## What you need to do:
Images should be left out, and everything else in the listing reproduced exactly.

## Data extract:

______

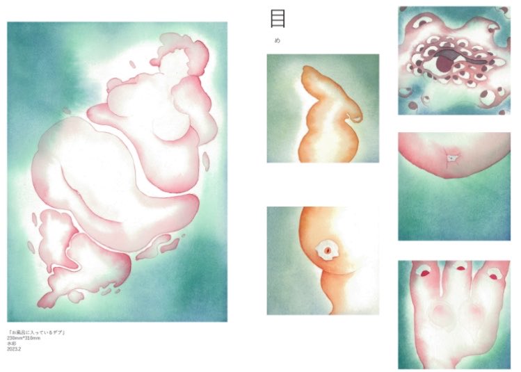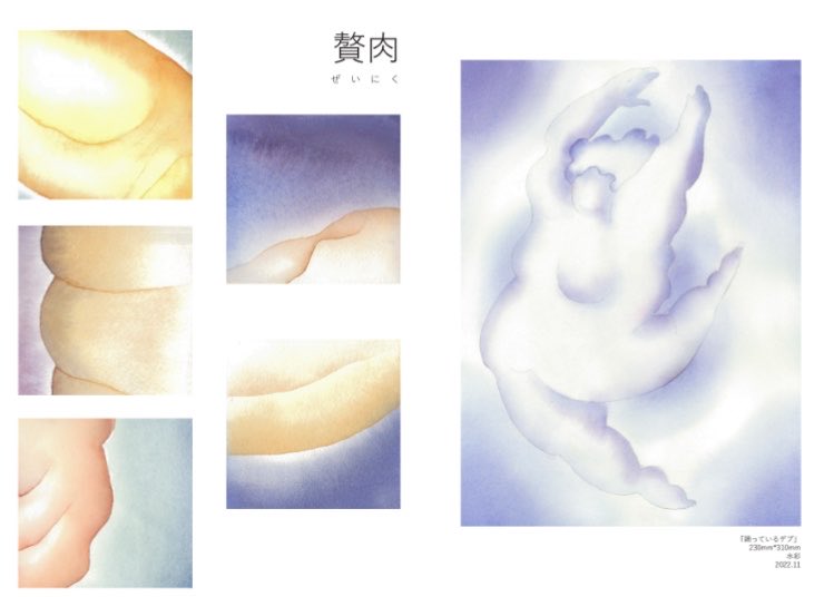 この作品は2つのパートがあり、1つは女性の身体と雲の結合によって、デブの身体的魅力を表現していま
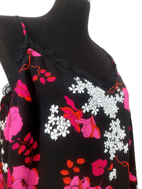 بلوزة - خط عنق شكل ـ V ـ، بدون ياقة، كتف بحمالة رفيعة جدا (Spaghetti)، بدون أكمام - أسود, L
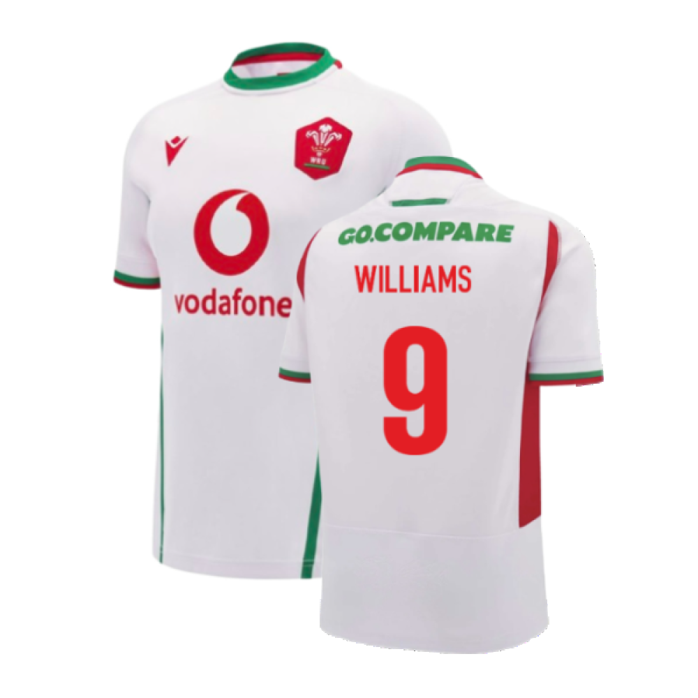 Official Tomos Williams football shirt. This is the NEW Wales Rugby Away Replica Shirt (Womens) for the 2024-2025 season which is manufactured by Macron and is available in all Adult sizes.
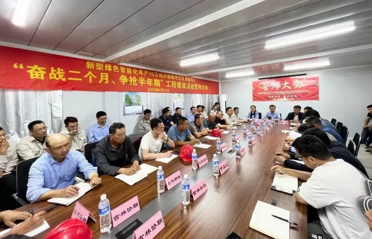 8月12日上午,吉林协联举行“奋战二个月,争抢半年期”新型绿色智能化年产15万吨柠檬酸项目及配套项目工程建设决战誓师大会。镇赉经济开发区副主任王伟、镇赉县项目服务中心主任王影、柠檬酸项目及公用设施项目等各参建单位负责人及项目经理、吉林协联公司领导及各专业人员参加了誓师大会。活动由吉林协联党总支书记、副总经理裴亚秋主持。

______

## Answer for this exercise:
 この作品は2つのパートがあり、1つは女性の身体と雲の結合によって、デブの身体的魅力を表現していま
 بلوزة - خط عنق شكل ـ V ـ، بدون ياقة، كتف بحمالة رفيعة جدا (Spaghetti)، بدون أكمام - أسود, L
 Official Tomos Williams football shirt. This is the NEW Wales Rugby Away Replica Shirt (Womens) for the 2024-2025 season which is manufactured by Macron and is available in all Adult sizes.
 8月12日上午,吉林协联举行“奋战二个月,争抢半年期”新型绿色智能化年产15万吨柠檬酸项目及配套项目工程建设决战誓师大会。镇赉经济开发区副主任王伟、镇赉县项目服务中心主任王影、柠檬酸项目及公用设施项目等各参建单位负责人及项目经理、吉林协联公司领导及各专业人员参加了誓师大会。活动由吉林协联党总支书记、副总经理裴亚秋主持。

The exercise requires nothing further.